Sudden cardiac arrest was higher among people living in poorer neighbourhoods in several US and Canadian cities, and the disparity was particularly evident among people under age 65, found a study in CMAJ (Canadian Medical Association Journal).
Sudden cardiac arrest accounts for up to 63% of deaths annually from cardiac diseases in the United States. Socioeconomic status is a predictor of many health-related conditions, including death and heart disease. This study examined a potential link between socioeconomic status and sudden cardiac arrest in more than one community.
A team of researchers in the US and Canada looked at data on 9235 sudden cardiac arrests in seven cities: four in the US: Dallas, Texas; Pittsburgh, Pennsylvania; Portland, Oregon; SeattleKing County, Washington; and three in Canada: Ottawa and Toronto, Ontario; and Vancouver, British Columbia.
The researchers looked at people who had cardiac arrests at home, a nursing home or assisted-living facility. They used census tract data on household incomes for the location of cardiac arrests to determine socioeconomic status.
"The incidence of sudden cardiac arrest was significantly higher in the neighbourhoods of lowest versus highest socioeconomic status in six of the seven metropolitan areas studied," writes Dr. Sumeet Chugh, Cedars-Sinai Medical Center, with coauthors.
Median household income was $50 000 to $63 000 US dollars, with income in the lowest socioeconomic group ranging from $30 000 to $41 000 and in the highest socioeconomic group from $72 000 to $97 000. In Pittsburgh, incomes were significantly lower ($21 000 and $54 000 respectively.)
"At all seven sites, disparities in the incidence of sudden cardiac arrest across socioeconomic quartiles were greatest among people less than 65 years old. Compared with the incidence in the highest quartile, the incidence in the lowest quartile was two- to fourfold greater in the US sites, and up to threefold greater in the Canadian sites," they write. "As with all ages combined, disparities across socioeconomic quartiles among people younger than 65 were significant at all sites except Ottawa." Compared with the disparities among younger people, the disparities among people 65 and older were less pronounced in in the US cities and Toronto.
The trend for higher cardiac arrests increased as median income dropped and was particularly noticeable among people under 65 years of age and stronger in the US cities than in the Canadian cities. The authors state that the exact reasons for USCanadian differences need further investigation, but data from other studies indicate that one possible explanation is Canadians' access to universal health care; which may mean they have had preventive care for cardiac issues, compared with Americans who may not seek care because of cost, particularly those younger than 65 and not yet eligible for Medicare.
"Our results showing a younger mean age of sudden cardiac arrest in the United States may be consistent with more poorly controlled cardiovascular disease," state the authors.

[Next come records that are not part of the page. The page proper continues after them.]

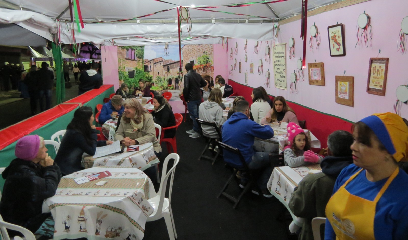 É uma festa alegre, familiar, com muita segurança ( Policia Militar e Gurda Civil Metropolina garantem a segurança ), onde crianças, jovens, casais , idosos.....tem para todo mundo, aproveitam do melhor da gastronomia italiana e assistem aos shows graciosamente.
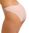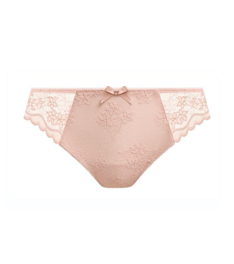 フロントパネルには裏打ちを施し、透け感を抑えた安心感のある仕上がりに。サイドパネルには可憐なフラワーレースをあしらい、フェミニンで上品な印象を演出します。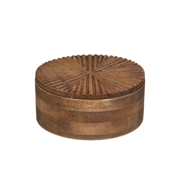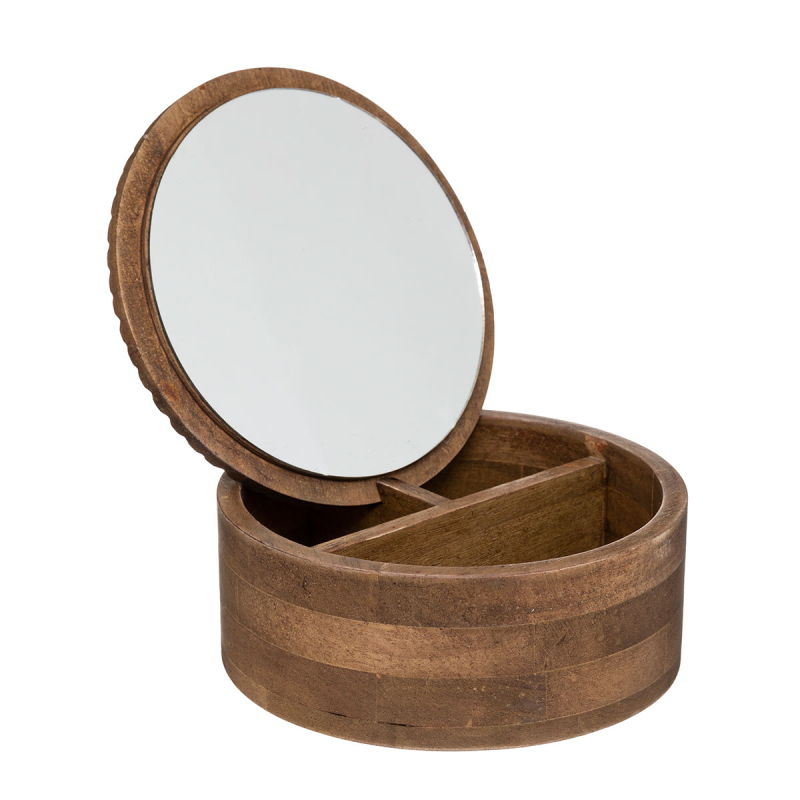 Θήκη για καλλυντικά, κοσμήματα ή αξεσουάρ με ανάγλυφο καπάκι. Είναι κατασκευασμένη από ξύλο δρυς σε καφέ χρώμα. Διαθέτει καθρέφτη στο εσωτερικό του καπακιού που στέκεται στην ειδική υποδοχή. Ιδανικό και πρακτικό κουτί για την οργάνωση του δωματίου σας.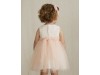 Rochie frumoasă pentru bebeluș din tul cu detalii brodate în partea de sus. Tul cancan pentru a da mai mult volum fustei. Închidere cu nasturi la spate. Chilotei asortati cu rochia care acoperă scutecul.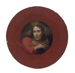Runder, herausgetrennter Schnupftabaksdosendeckel einer ehemaligen Dose, dunkelrot lackiert. Im Mittelmedaillon: Das Kreuz tragender Christus mit Strahlenkranz.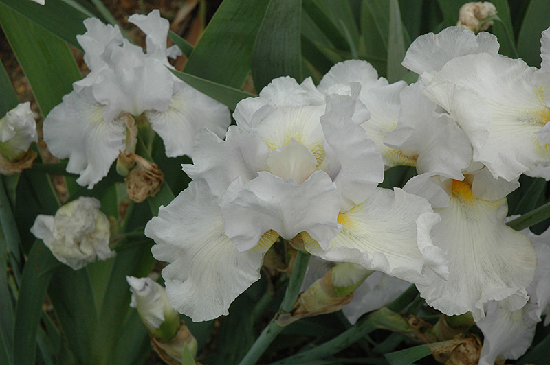 This elegant iris produces silvery-white frilly blooms with pale yellow beards; a stunning addition to the perennial border; also excellent massed in groupings in the garden; will quickly form dense colonies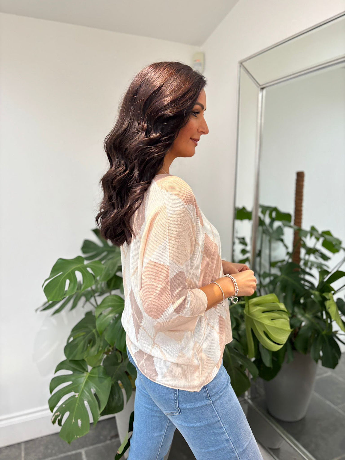 Mocha V Neck Argyle Print Top Izzy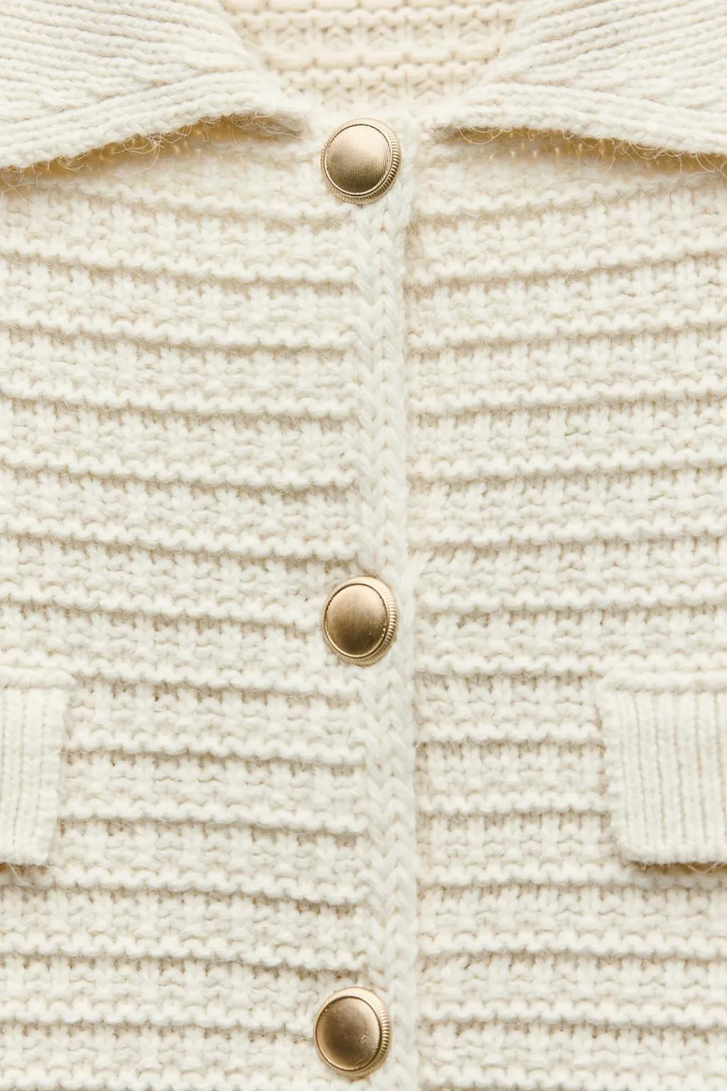 Chaqueta de cuello solapa y manga larga. Detalle de solapas delanteras. Cierre frontal con botones dorados.
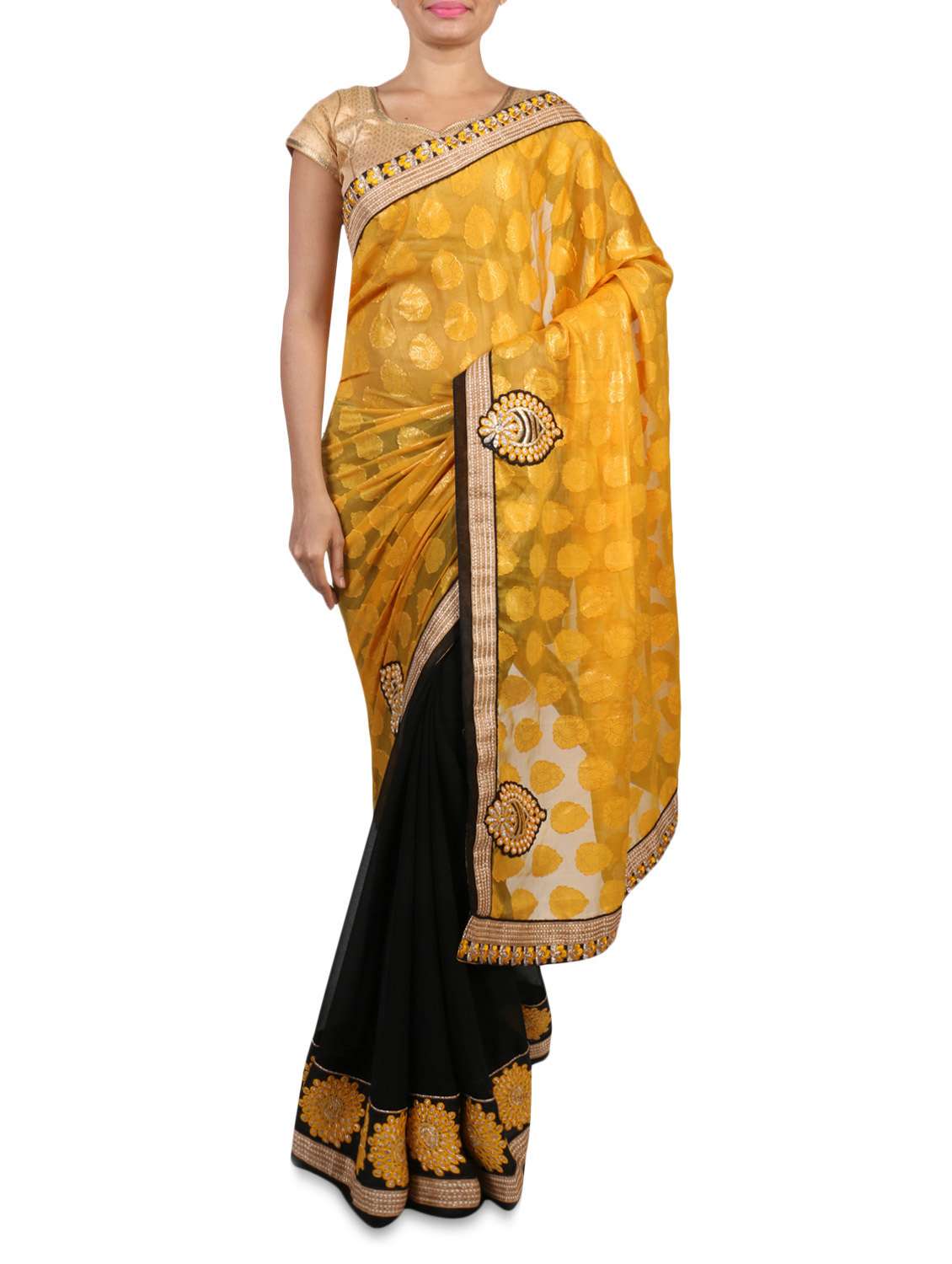 #1 pink georgette embroidered saree & similar products...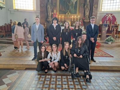 4 maja 2023r. o godz. 17.00 w kościele p.w. Św. Bartłomieja w Brzózie uczniowie klasy 8 przyjęli Sakrament Bierzmowania z rąk biskupa Marka Solarczyka.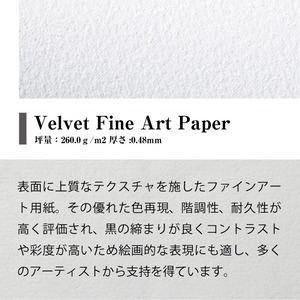 坪量:260.0g/m2 厚さ:0.48mm 表面に上質なテクスチャを施したベルベットファインアート紙。その優れた色再現、階調性、耐久性が高く評価され、黒の締まりが良くコントラストや彩度が高いため絵画的な表現にも適し多くのカメラマンやアーティストから支持を得ています。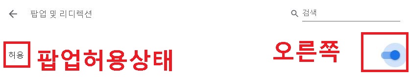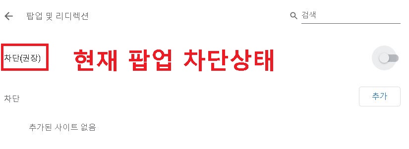 아래 사진처럼 차단이라고 되어있으면 현재 크롬 팝업 차단 상태이다.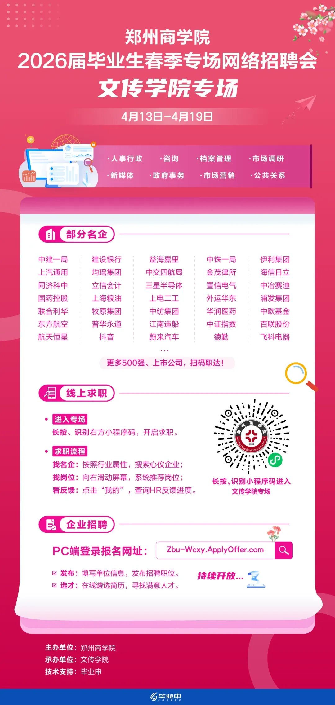 文传学院专场|郑州商学院2026届毕业生春季专场网络招聘会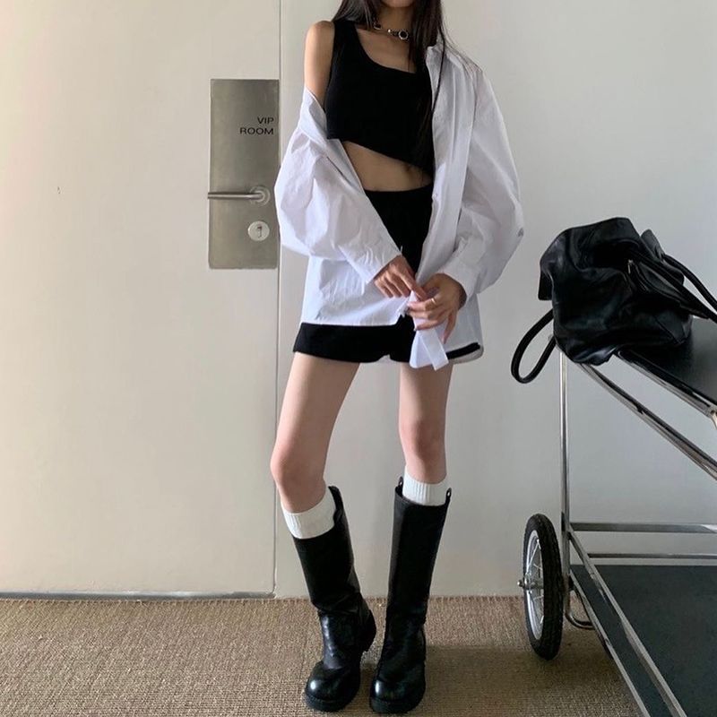여름 Ins 스타일 스파이스 소녀 슬림 핏 슬리밍 민소매 짧은 배꼽 조끼 블랙 짧은 스포츠 캐주얼 투피스 세트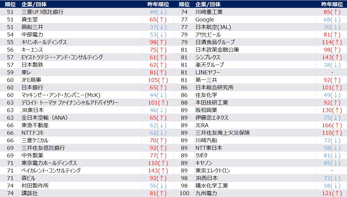 金融業界は、領域によって、昨年同時期からの変化が分かれました。メガバンクは人気を維持。(三菱UFJ銀行(9位→6位)、三井住友銀行(19位→20位)、みずほフィナンシャルグループ(30位→34位)。)政府系金融機関(系統金融機関含む)は昨年に引き続き順位が上昇しました。国際協力銀行(44位→42位)、日本銀行(65位→60位)、日本政策金融公庫(98位→81位)が代表的です。日本政策投資銀行(6位→13位)、農林中央金庫(20位→32位)は、順位は下降したものの上位50社にランクインしています。一方で、証券・損害保険・生命保険は順位を下げたところが目立ち、東京海上日動火災保険(51位→36位)のみTOP100にランクインしました。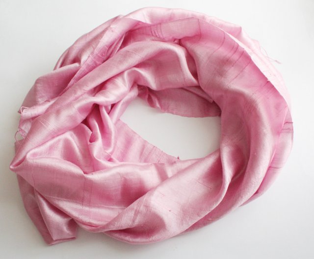 Szal o surowej, niejednolitej strukturze w subtelnym, niezwykle kobiecym odcieniu różu. Wykonany prawdopodobnie z jedwabiu.
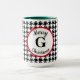 A classic black and white houndstooth print, with red framed Merry Christmas and single initial and, option to edit and add name. This is a large 15oz. combo color beverage mug, also available in 11oz. size. Choose from 5 colors for handle and inside. Easily change all text using the Template provided. Makes a perfect holiday gift for family or friend. See "About This Product" at side for more information.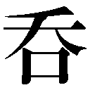 「口+音符天」の形声文字であるというが、疑わしい。天は夭ヨウ(人の首をかしげたさま)の変形で、呑トンは「夭+口」の会意文字と解すべきか。ぐっと上から下へ押し下げる意を含む。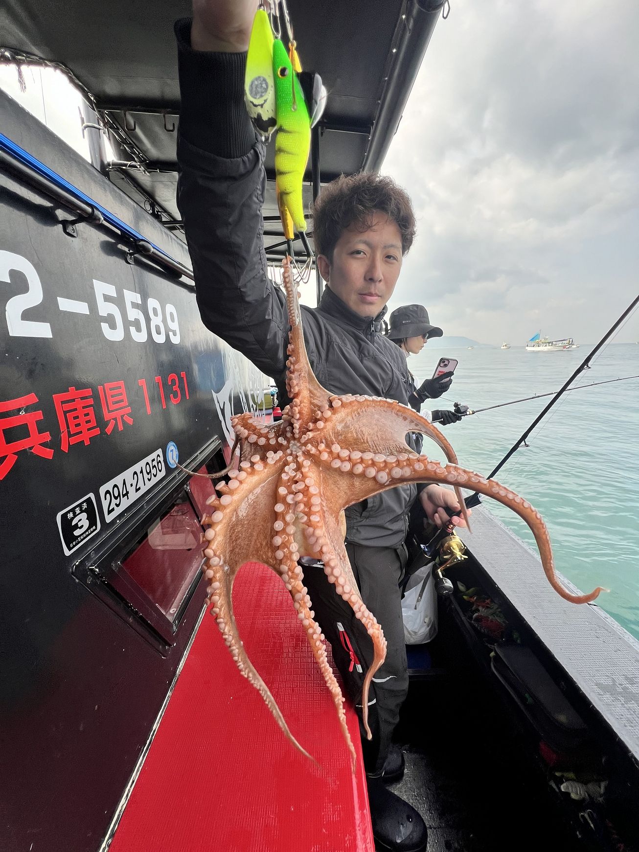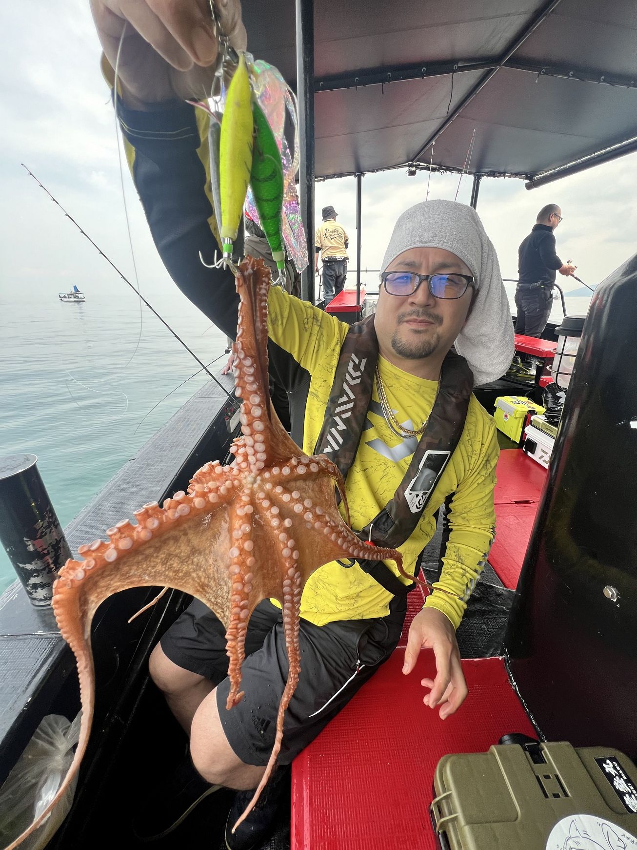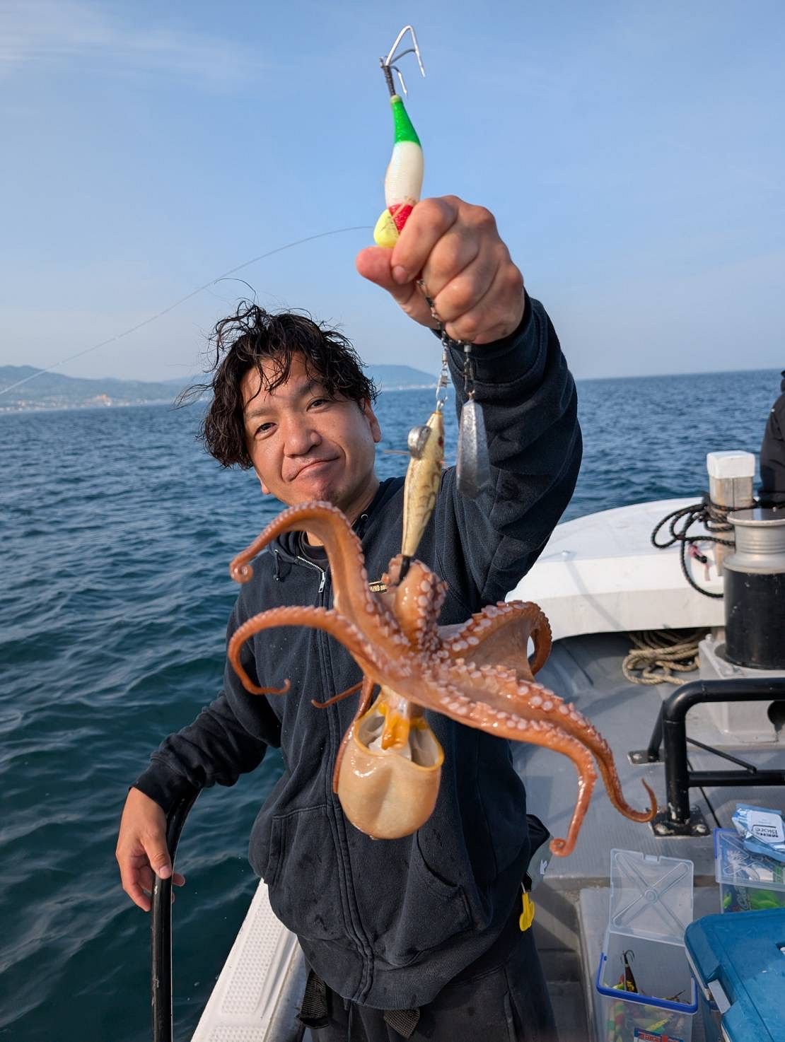 本日最初のお写真は、朝イチに2.4kg大タコゲットされた日野さまです?普通に巻き上げて来てたのでまさかのサイズにビビりました??

They conclude that population-level interventions for people in low income neighbourhoods and better access to preventive health care may help to address these disparities.
In a related commentary, Dr. Heikki Huikuri, Institute of Clinical Medicine, University of Oulu, Finland, writes "this study should inform the decisions of politicians and managers of health care systems as they institute health care reforms, recognizing that sudden cardiac arrest is the single most common cause of death in western societies."